Data extracted from a collection:
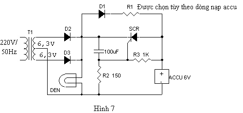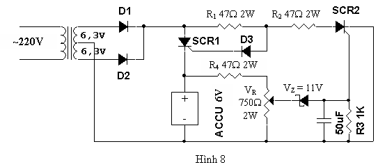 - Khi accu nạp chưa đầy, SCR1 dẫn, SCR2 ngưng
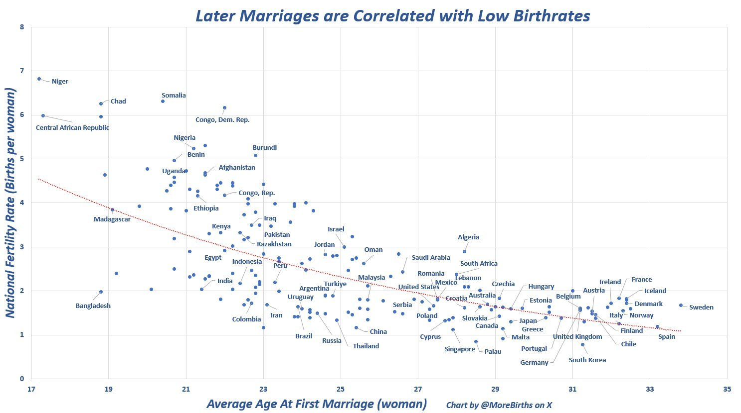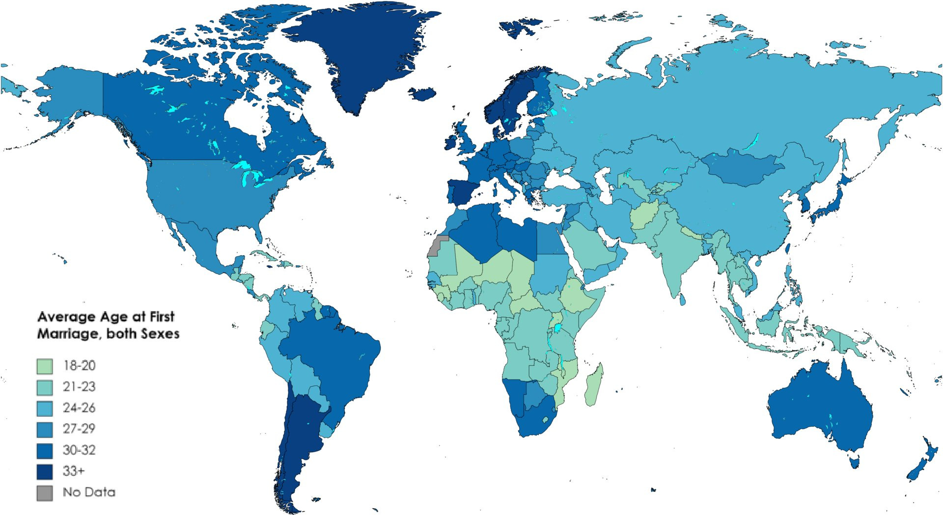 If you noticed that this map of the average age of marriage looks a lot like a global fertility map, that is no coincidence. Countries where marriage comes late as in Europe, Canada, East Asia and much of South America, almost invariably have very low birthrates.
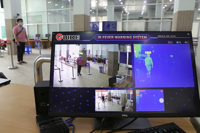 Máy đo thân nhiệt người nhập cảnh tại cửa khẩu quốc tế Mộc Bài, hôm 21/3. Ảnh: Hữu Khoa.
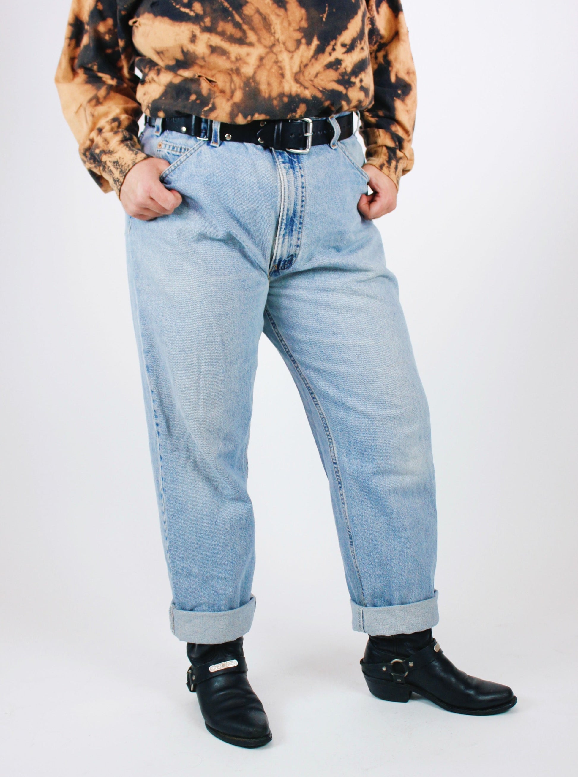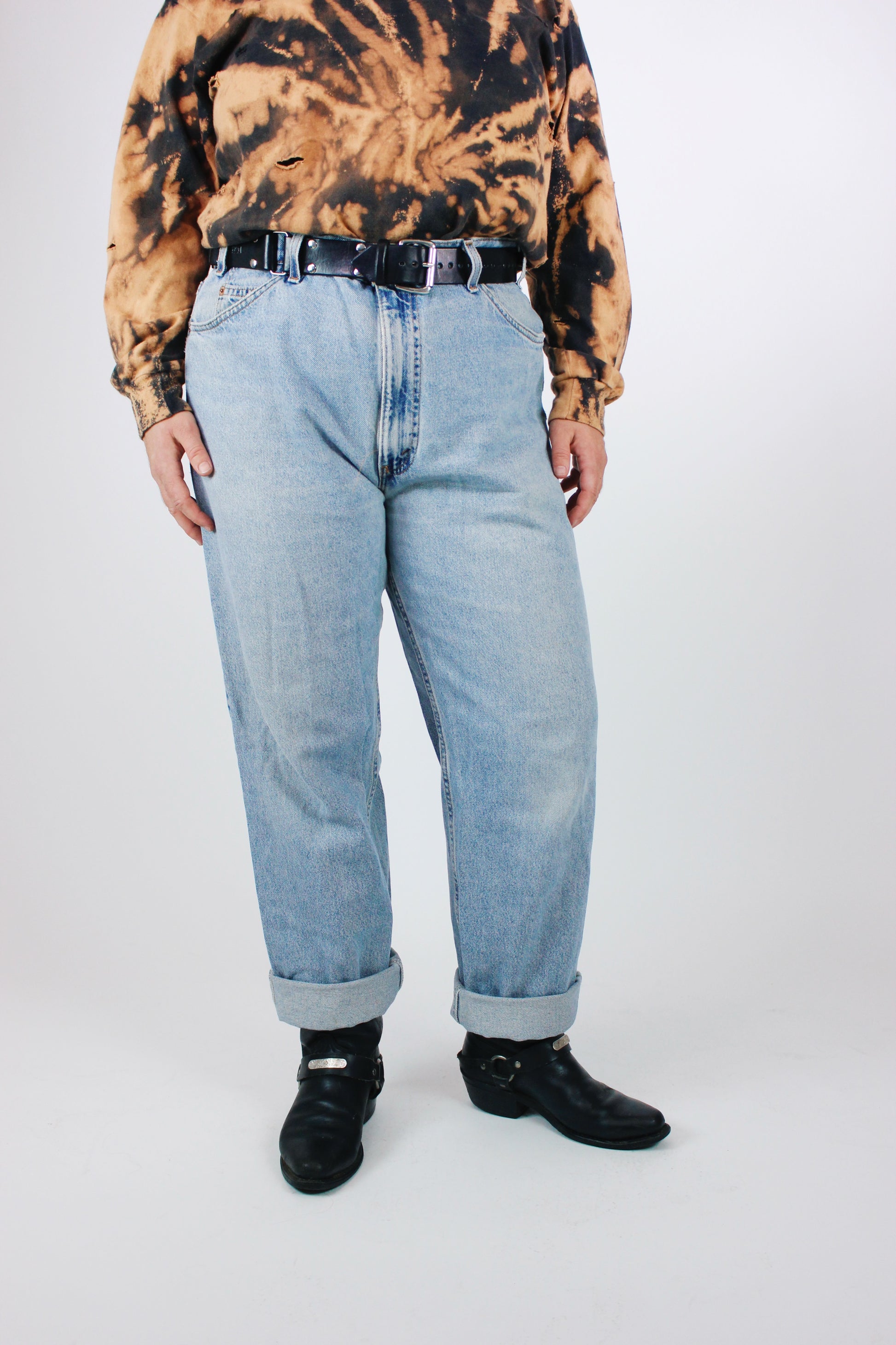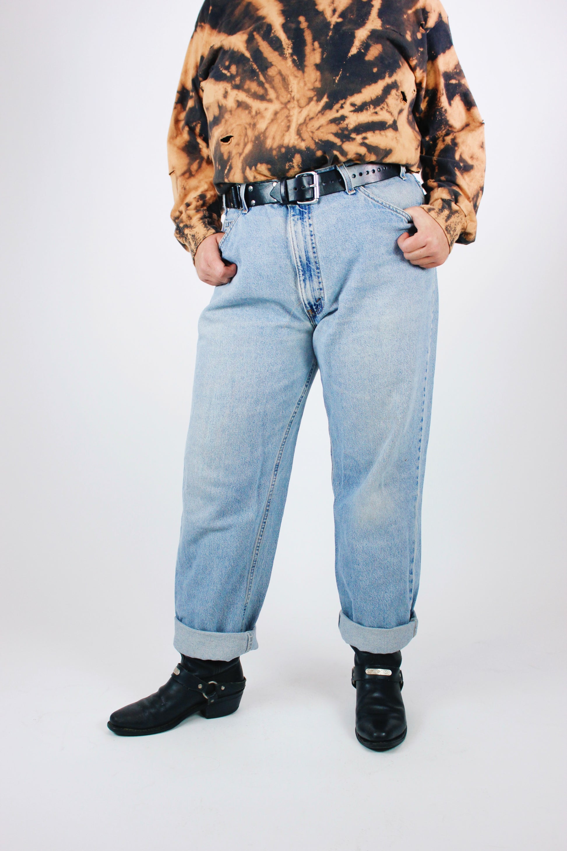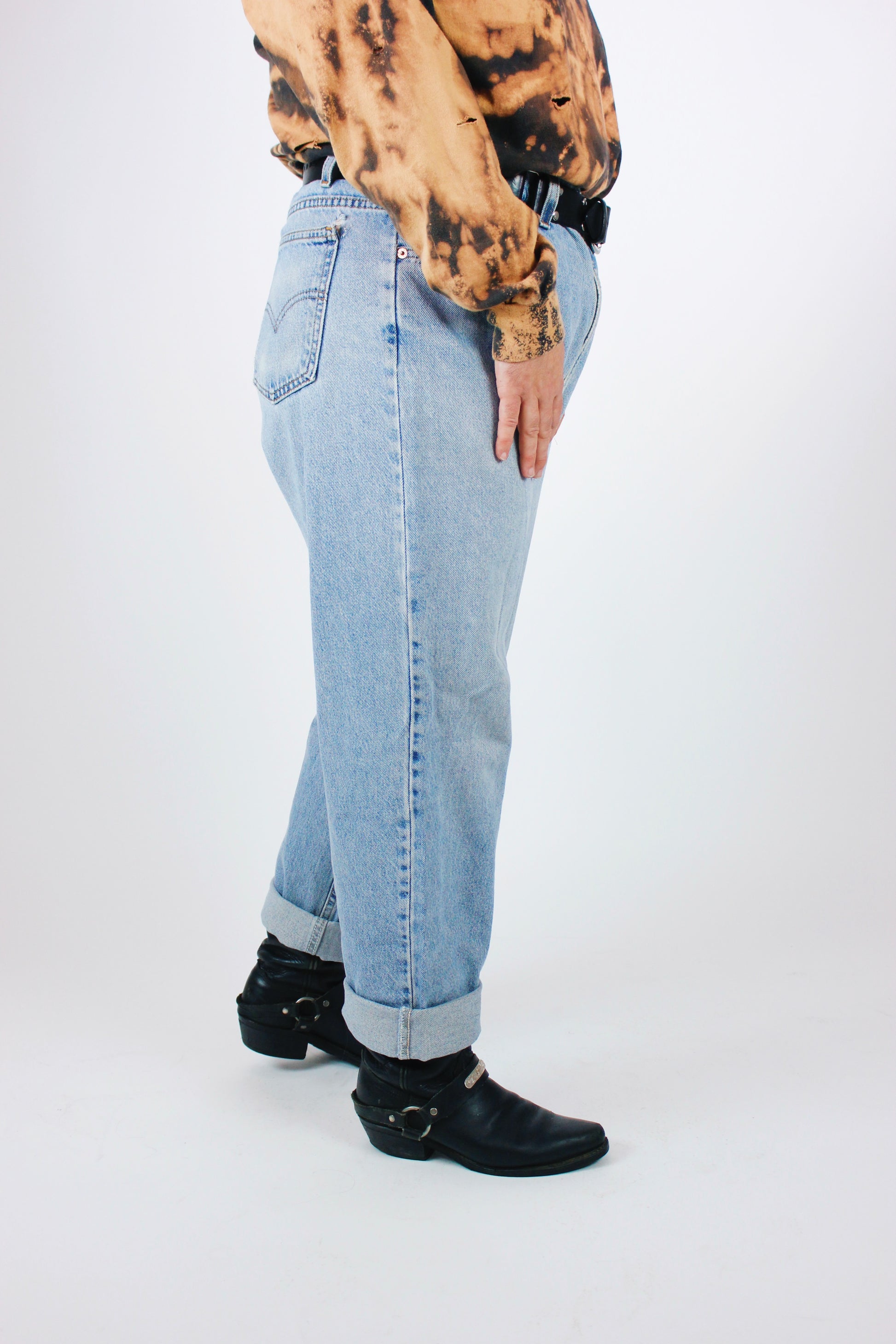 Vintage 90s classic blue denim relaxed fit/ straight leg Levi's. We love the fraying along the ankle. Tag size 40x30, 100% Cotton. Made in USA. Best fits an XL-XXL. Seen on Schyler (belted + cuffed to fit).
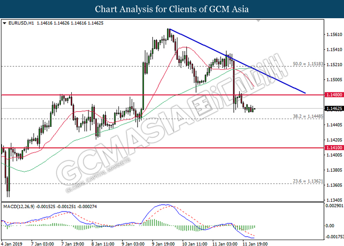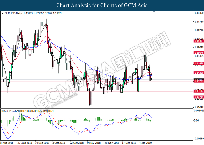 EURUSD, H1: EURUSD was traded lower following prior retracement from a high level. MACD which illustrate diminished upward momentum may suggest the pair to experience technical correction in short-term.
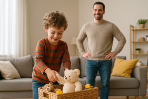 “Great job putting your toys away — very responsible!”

Work to complete: Emit an exact copy of the lines from the line bearing "EURUSD, H1: EURUSD" through the last line above, inclusive, and leave the images out.

Answer section:
 EURUSD, H1: EURUSD was traded lower following prior retracement from a high level. MACD which illustrate diminished upward momentum may suggest the pair to experience technical correction in short-term.
 “Great job putting your toys away — very responsible!”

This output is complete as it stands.